This program can be used to quickly detect amino acids which characterize differences between two groups of sequences. It compares two groups of sequences and looks for a "signature" pattern, or the set of amino acids that is conserved among each set, but differing between the sets. It will pick out those distinguishing amino acids, and calculate their frequencies in each set. (Nucleotide alignments can also be used; however, in the following discussion amino acids are used as representative examples.)

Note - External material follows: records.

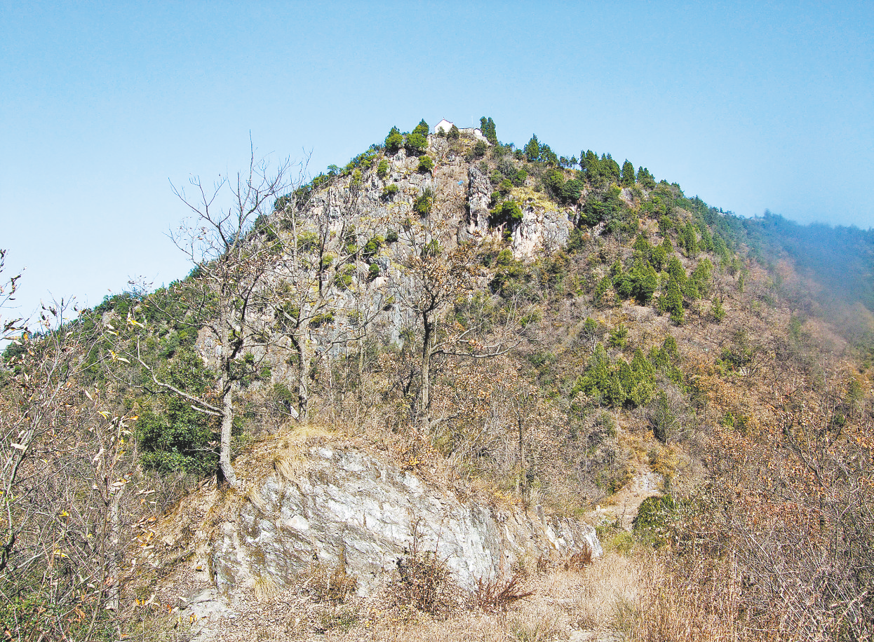 到了廟前,卻是另一番景象,廟的地基建在巖石上,白石為基,青磚砌墻,表面涂以白灰。墻外聳立著一塊塊半人高的巖石,如柱,如筍,如鼓,如鐘,扎根在巖石里,散開(kāi)在山坡上,像是參加一場(chǎng)聚會(huì)。在這些凸出的巖石間,長(zhǎng)著幾棵碗口粗形態(tài)怪異的冬青樹(shù),每棵三五根樹(shù)干,白樹(shù)皮,綠樹(shù)冠。其余的多為鐵匠木,再往前便是斷崖。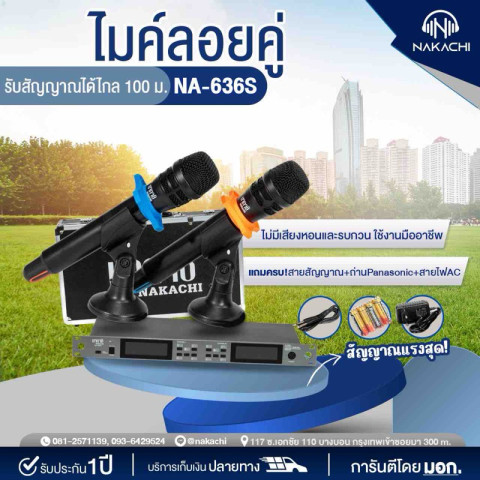 สัมผัสประสบการณ์เสียงคมชัดระดับมืออาชีพกับ NAKACHI รุ่น NA-636S ไมค์ลอยมือถือคู่ UHF ชุดไมโครโฟนไร้สายที่ออกแบบมาเพื่อการใช้งานเวที งานประชุม งานสัมนา คาราโอเกะ ร้านอาหาร หรือใช้งานในโบสถ์และงานอีเวนต์ต่างๆ ให้เสียงชัดเจน มั่นคง และดูเป็นมืออาชีพในทุกสถานการณ์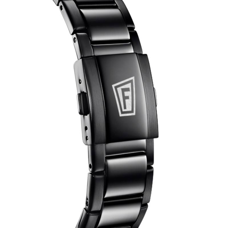 La montre est proposée avec un bracelet en acier inoxydable noir. C'est un bracelet à la fois solide et confortable. Il mesure 22 mm de large et se referme grâce à une boucle déployante.
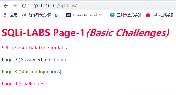 现在打开浏览器地址"http://127.0.0.1/sqli-labs/"后翻转至底部位置可以看到多个具体的注入点分布情况。这些注入点主要包含基础SQL注入、高级SQL注入、SQL堆叠注入以及挑战漏洞四个主要类别。具体而言,在该页面上总共有大约75个可利用的漏洞供安全研究者进行分析和利用。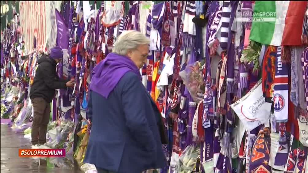 Diego Della Valle si ferma davanti ai messaggi d'affetto dei tifosi Viola in memoria di Astori, prima di Fiorentina-Benevento. Ecco una foto pubblicata su Twitter da Premium Sport.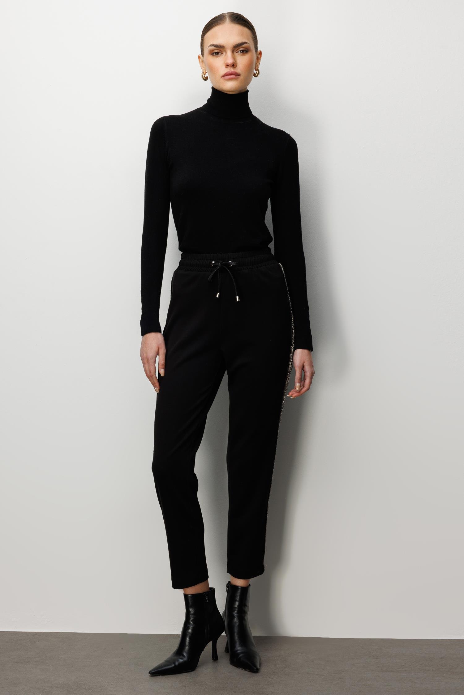 Bu pantolon, modern kadının bitmek bilmeyen günlük temposunda "hem rahat hem de stil sahibi olma" ihtiyacından ilham alınarak tasarlandı. Ev konforunu sokağın dinamizmiyle buluşturan örme dokusu, spor giyimin kurallarını yeniden yazıyor. Yanlardaki şerit ve biye oyunları, klasik bir eşofman altını sofistike bir şehir parçasına dönüştüren ince mühendislik dokunuşlarıdır.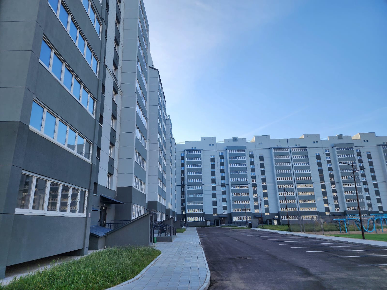 Благоустройство: парковка во дворе, игровая детская площадка, отделенная от проезжей части, озеленение территории: сохранено существующие деревья, высажены цветущие фруктово-ягодные кустарники, посеяны газоны.

Align all of your sequences and break down into two sets for comparison. The sequences should all be of the same length, so if some sequences are shorter than others, insert stars (*) in positions where no information was available. Positions with stars will be discounted from frequency calculations. Insertions made to maintain the alignment should be dashes (-); positions with dashes will be counted and included in the signature pattern analysis. Example:
alphabet-OK ABCDEFGHIJKLMNOPQRSTUVWXYZ mutant-ABCs ZBCDEFGH-JKLMNOPQRSTVVWX**
In the above sequence alignment, the sequence names are alphabet-OK and mutant-ABCs. For the second sequence, no sequence information was available for the last two positions. The "I" in the first sequence was deleted in the second sequence. U has "mutated" to V, and A to Z. Hence the signature pattern for mutant-ABCs relative to alphabet-OK is:
signature Z.......-...........V...**, or 3/24 characters.
The periods (.) in the above signature indicate that the two sequences agree in those positions. The Z, -, and V show where the sequences disagree defining a signature for the "mutant-ABCs" sequence. The denominator for the three amino acid signature is 24, not 26, because no sequence information was available for the last two positions.
The allowed characters for inclusion in an alignment are A-Z, -, and *; a-z can be used but will be treated as equivalent to uppercase letters, i.e., A = a. Any other character that is used will be treated as a star, and not counted in the signature pattern tally. Therefore, if you have a stop codon, and you label it as a dollar sign, it will be treated as if you have no information at that site. If, on the other hand, you label it with a Z, it will be included in the signature pattern analysis.
Show amino acid frequencies?
Checking the button will answer "yes". Not checking the button gives a short output, just the signatures and frequencies of signature amino acids among the query and background sets. A checked button gives a long output with signatures AND the number of every amino acid found in every position for both alignments. A "yes" answer to this question might be useful if you have positions in your sequence sets that are 50% one amino acid, 50% another.
Choosing a threshold (between 0 and 1.0)
Choose a specific threshold (0 to 1.0) or run the program with the default threshold set to 0. If you do not set a threshold, the majority signature will be used. If you want to only count the most conserved of the signature amino acids for this calculation, you can set a threshold for the minimum degree of conservation of signature amino acids in the query set.
A 1.0 will require that the signature amino acid be included in every sequence in the query set to be considered. A 0.9 will require that the signature amino acid be included in 90% of the sequences in the query set to be considered. The default (0) will just use the majority consensus.